The manufacturing industry may also use quantum computers for complex calculations that could help engineers design new lightweight materials that may, for example, enable aircraft to fly longer distances using less energy, says Dr Dzurak.

There may also be applications in the field of artificial intelligence. It’s possible quantum computers could simulate the complex processes that occur inside the human brain, he says, although he emphasises that this is just speculating.

“There’s a very good likelihood that within five years a small-scale quantum computing system would be able to solve a particular problem that currently can’t be solved with the biggest super computer on the planet,” Dr Dzurak concludes.

The first quantum machines

D-Wave has built what it claims to be the first and only commercially available quantum computers already being used by a range of organisations including Lockheed Martin.

The American aerospace and defence firm uses a D-Wave quantum machine to speed up software verification and validation of its flight control systems. “These are incredibly complex systems and testing the software is often the largest optimisation problem in a new aircraft project,” says D-Wave’s CEO Vern Brownell. “Lockheed has been using a D-Wave system to find faster, better ways to do this.”

NASA is also using the manufacturer’s quantum technology to search for new planets outside our solar system that might harbour life. Google, meanwhile, is exploring machine learning to build more accurate models for everything from speech recognition to bioinformatics, Brownell says.

“The D-Wave is best suited to tackle challenges in big data analytics, machine learning and complex optimisation problems – all of which exist in many different domains such as mission planning, pattern recognition and anomaly detection, cancer research and finance,” he claims.

One of the company’s goals is to make quantum computing accessible more broadly through the cloud. “Quantum computers can complement traditional computers and we envision a model where problems best solved by a quantum computer will be sent through the cloud to a system a returned to the user,” Brownell says.

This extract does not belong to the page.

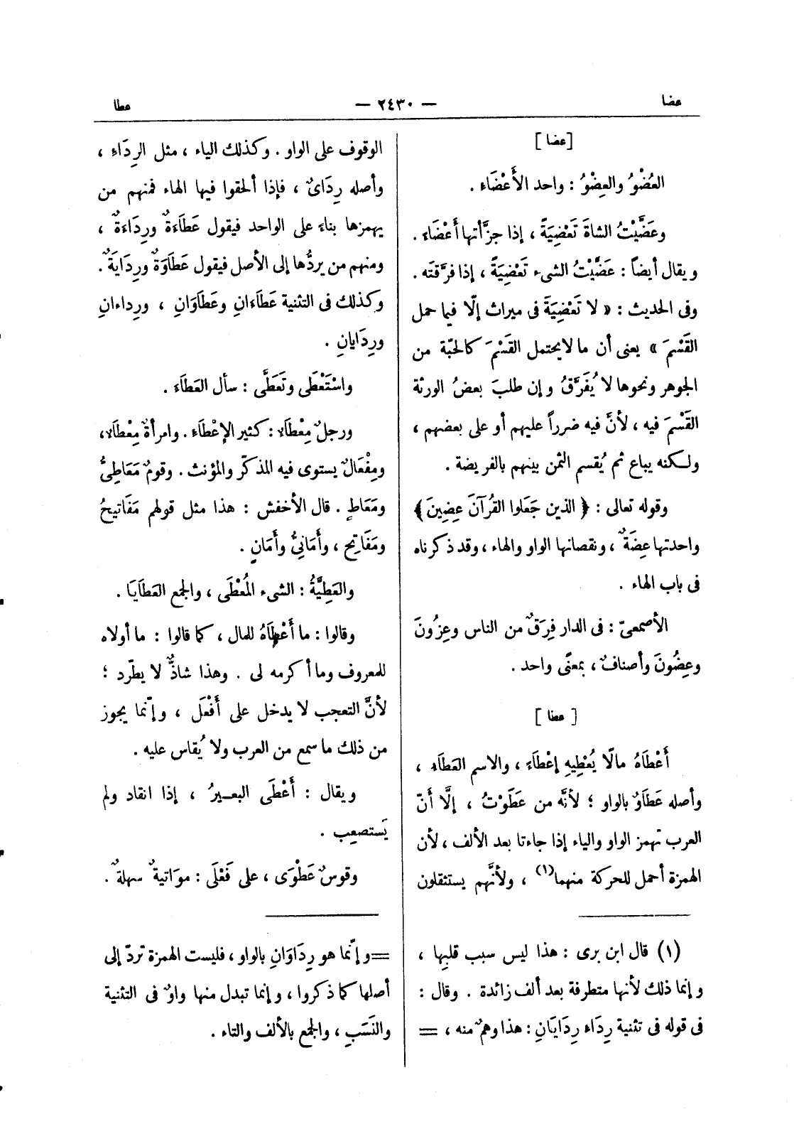 (*) الوقوف على الواو. وكذلك الياء، مثل الرداء، وأصله رداى، فإذا ألحقوا فيها الهاء فمنهم من يهمزها بناء على الواحد فيقول عطاءة ورداءة، ومنهم من يردها إلى الاصل فيقول عطاوة ورداية. وكذلك في التثنية عطاءان وعطاوان، ورداءان وردايان. واستعطى وتعطى: سأل العَطاءَ. ورجلٌ مِعْطاءٌ: كثير الإعطاء. وامرأةٌ مِعْطاءٌ، ومِفْعالٌ يستوي فيه المذكر والمؤنث. وقومٌ معاطِيٌّ ومعاط. قال الاخفش: هذا مثل قولهم مفاتيح ومفاتح، وأمانى وأمان. والعطية: الشئ المعطى، والجمع العطايا. وقالوا: ما أعطاهُ للمال، كما قالوا: ما أولاه للمعروف وما أكرمه لي. وهذا شاذٌّ لا يطرد ; لان التعجب لا يدخل على أفعل، وإنما يجوز من ذلك ما سمع من العرب ولا يقاس عليه. ويقال: أعطى البعير، إذا انقاد ولم يسْتعصِب. وقوسٌ عطوى، على فعلى: مواتية سهلة.

An important part of D-Wave’s development is its roadmap, which has been created over the past decade. According to Brownell, the company’s systems are matching and in some cases surpassing the performance of state-of-the-art classical computers that have been painstakingly developed for over 60 years and reaped trillions of dollars in investment.

“We continue to refine and innovate our processor and are planning to release the next 1000 qubit processor later this year,” he adds.